In the final layers of DetectNet the openCV groupRectangles algorithm is used to cluster and filter the set of bounding boxes generated for grid squares with predicted coverage values greater than or equal to gridbox_cvg_threshold, which is specified in the DetectNet model definition prototxt file. This algorithm clusters bounding boxes using the rectangle equivalence criteria that combines rectangles with similar sizes and locations. The similarity is defined by a variable eps, where a value of zero represents no clustering, and as eps goes to positive infinity, all bounding boxes are combined in one cluster. After clustering, small clusters containing less than or equal to gridbox_rect_thresh rectangles are rejected. For remaining clusters, the average rectangle is computed and put into the output rectangle list. Clustering is implemented in a Python function that is invoked in Caffe through the “Python Layers” interface. The parameters of groupRectangles are specified in the cluster layer in the DetectNet model definition file.

DetectNet also uses the “Python Layers” interface to calculate and output a simplified mean Average Precision (mAP) score for the final set of output bounding boxes. For each predicted bounding box and each ground truth bounding box the Intersection over Union (IoU) score is computed. IoU is the ratio of the overlapping areas of two bounding boxes to the sum of their areas. Using a user-defined IoU threshold (default 0.7), predicted bounding boxes can be designated as either true positives or false positives with respect to the ground truth bounding boxes.

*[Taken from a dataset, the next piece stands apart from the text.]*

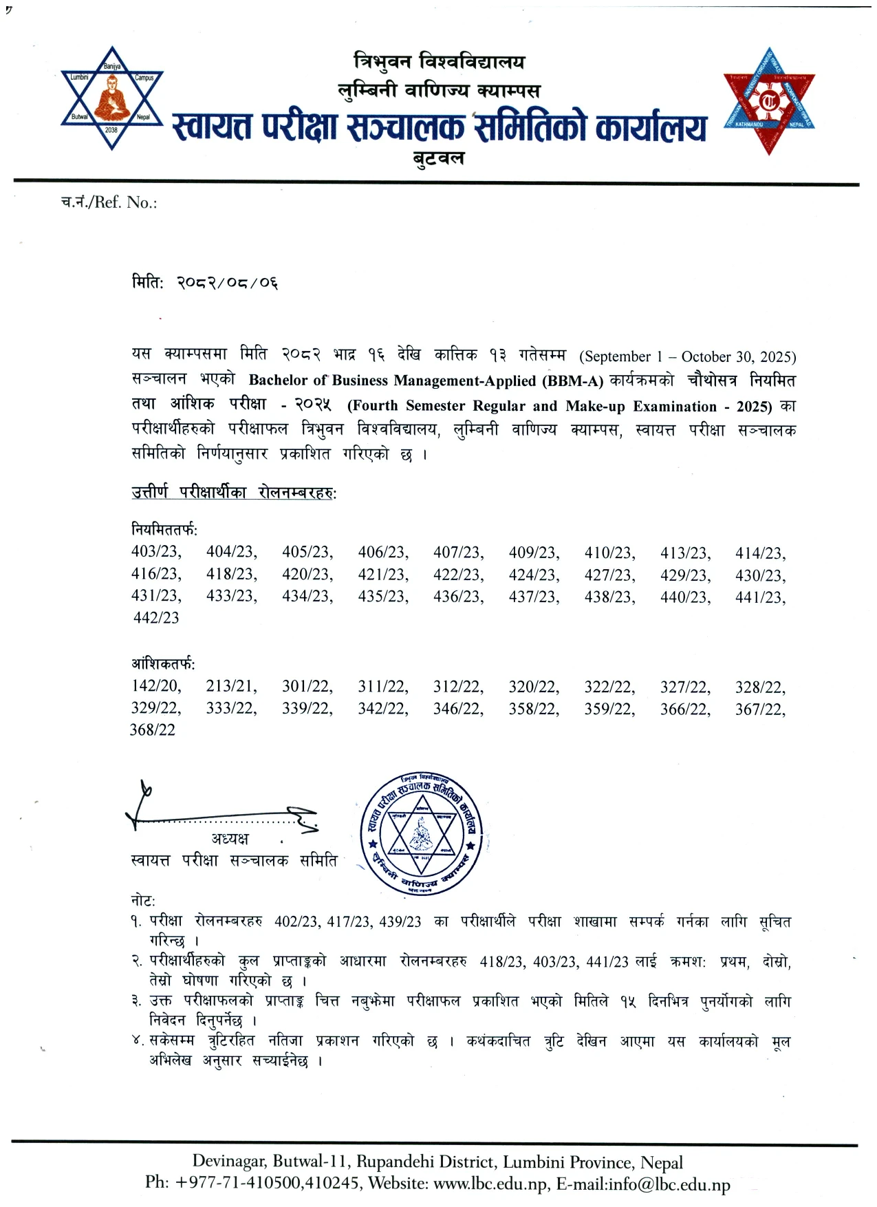 BBM-A कार्यक्रमको चौथोसत्र नियमित तथा आंशिक परीक्षा - २०२५ को परीक्षाफल प्रकाशित
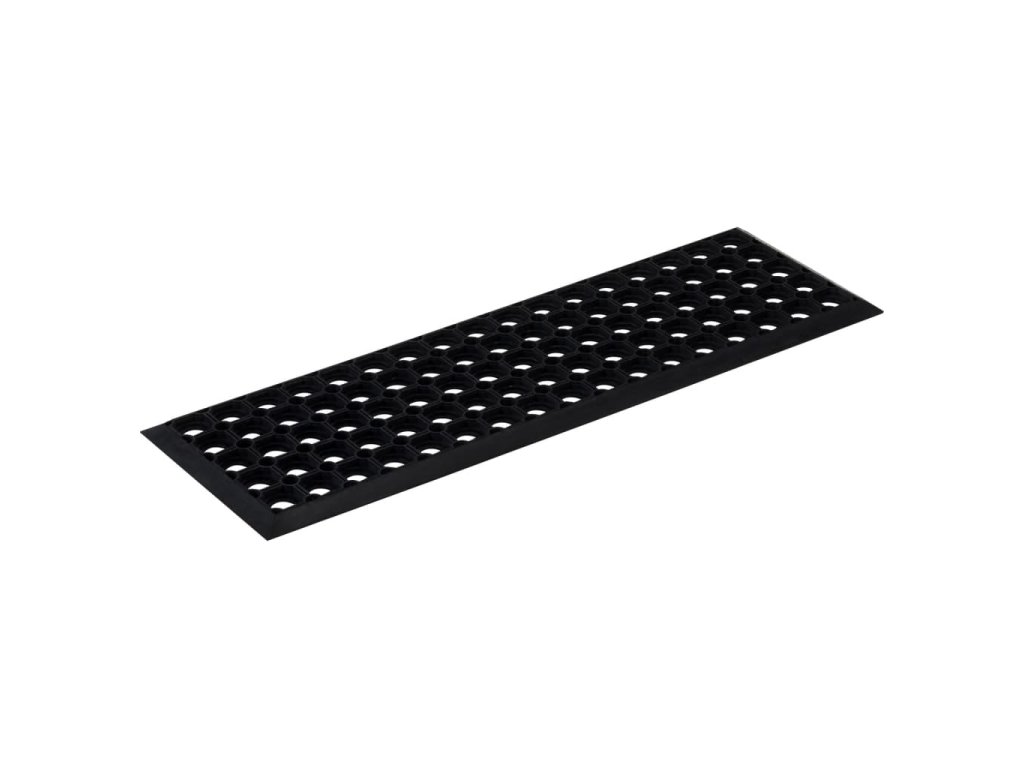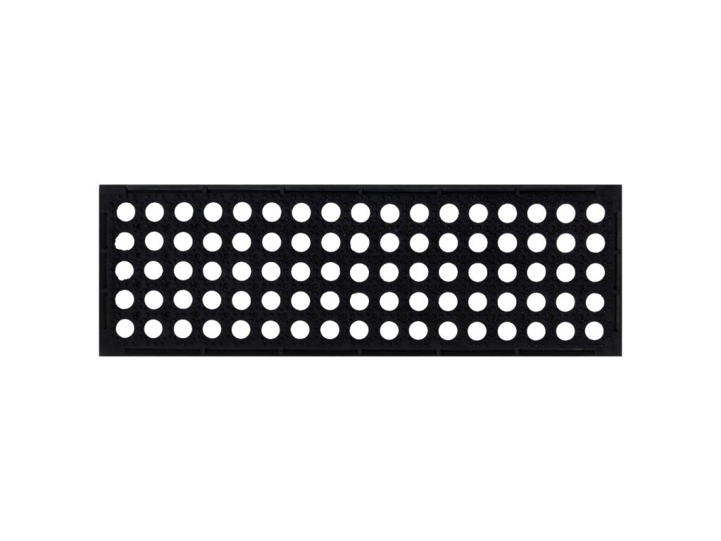 - Snadno se čistí: Design s otvory umožňuje průchod tekutin a nečistot, díky čemuž lze gumový nášlap snadno zamést nebo opláchnout hadicí.

If a ground truth bounding box cannot be paired with a predicted bounding box such that the IoU exceeds the threshold, then that bounding box is a false negative—in other words, it represents an undetected object. The simplified mAP score output by DetectNet is the product of precision (ratio of true positives to true positives plus false positives) and recall (ratio of true positives to true positives plus true negatives). It’s a good combined measure for how sensitive DetectNet is to objects of interest, how well it avoids false alarms and how precise it’s bounding box estimates are. Further details about this kind of error analysis can be found in [Hoiem et al. 2012].

Training and Inference Performance

The major benefit of using DetectNet for object detection is the efficiency with which all objects within a large image can be detected and have accurate bounding boxes generated. The use of an FCN within DetectNet is more efficient than using a CNN classifier as a sliding window detector as it avoids redundant computation due to overlapping windows. It is also simpler and more elegant to perform this task with a single neural network architecture rather than a multi-stage algorithmic process.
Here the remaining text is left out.